Found a builder on check a trade. Spoke to them on the phone and sent some photos. His take is "so to take down existing wall and footing.
Dig a new footing rebuild wall in brick to match house and blocks behind cap of with a coping stone £5,264"
Assuming some solicitor costs and a 50% inaccuracy in that quote - 10k I guess.
Just do away with the wall, and batter it back at 2:1 as it sounds as if there is room?
Leave you with muck to shift but then maybe no future issues either...
I would want a pros opinion as to why the earth moved personally.
Without exploratory works the answer to TJs question is a half brick wall of 700mm high is not adequate and the vegetation over the years has grown and the roots have pushed the wall out.
If you can get your potential neighbour to agree. Remove the vegetation and batter back as suggested above. Simplest solution right there. Subject to the drainage mentioned not being an issue.
That wouldn't put me off buying. But I wouldn't pay for it without a significant reduction in price as you've already calculated.
Just do away with the wall, and batter it back at 2:1 as it sounds as if there is room?
@tarquin / @twistedpencil - are there some standard formulas to work out whether turning it into a slope is acceptable? I very vaguely remember some from my uni days when I did a cross disciplinarily civil engineering project.
The stability of the slope and the pressure on the wall depend on the type of soil behind it - original clay, misc rubble from house building, etc, whether the ground rises, how well drained it is, what the loads on it might be (ie, if the boundary is close, could the neighbour put a drive in and park vehicles?).
@Ewan, as Greybeard states, it depends on the make up of the ground so difficult to say. You could look at putting in some geotextile layers to give any slope more stability.
Alternatively my new favourite type of retaining wall is the earth filled bags that can be seeded so become a green embankment. This might be a cheaper alternative to a brick wall.
If it was my boundary though I'd probably build it back in brick and take the wall up to 1.8m height or so.
The main thing would be agreement with your future neighbour mind, they may not want a sloping bit of land here if it's used as access etc.
Cool cheers - hopefully I'll get the seller to pop for the 10k.
Had something similar at the end of our home retaining our garden from neighbours drive.
What little i could find implied it was retaining my land so my problem and wall was predominantly on my land.
Bit more substantial in height (140cm) but only 8m long.
We paid £4,000
BUT
that was just materials/building and did include 8m of fence on top. We dismantled the wall, dug the garden/earth back 50cm and dug the foundation ditch for its replacement.

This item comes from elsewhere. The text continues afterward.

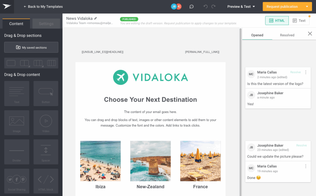 Todos los comentarios aparecen enumerados en el lateral derecho del editor de email y están vinculados al bloque de contenido correspondiente.

Don't underestimate how labour intensive it will be to prep the ground before ready to build a wall.
We had quotes from £8k (still us doing the clearing) to £17k (they did everything).
I'd not let it put me off buying the house.
If you do rebuild the wall make sure that drains [could just be gaps in the mortar] are in place to stop water building up behind it.
If you are absolutely sure the wall isn't retaining the neighbouring property I'll suggest doing a timber sleeper wall supported between the flanges of steel columns placed in concrete pad foundations. Stick some free draining material down the back with a perforated pipe at foundation level to take the water away.
(14 years experience as a structural technician so I've drawn up many retaining walls in similar situations)
If you are absolutely sure the wall isn’t retaining the neighbouring property I’ll suggest doing a timber sleeper wall supported between the flanges of steel columns placed in concrete pad foundations.
I'm not totally sure, I don't think it is, but that's a guess - if nothing else, it's not been maintained for best part of 40 years. I'm going to take a tape measure next week and get some proper measurements instead of my guesstimates.
Gabions, dead easy to do yourself. Cheap as well.
Problem is getting the stuff out that’s there now, but you could do one at a time.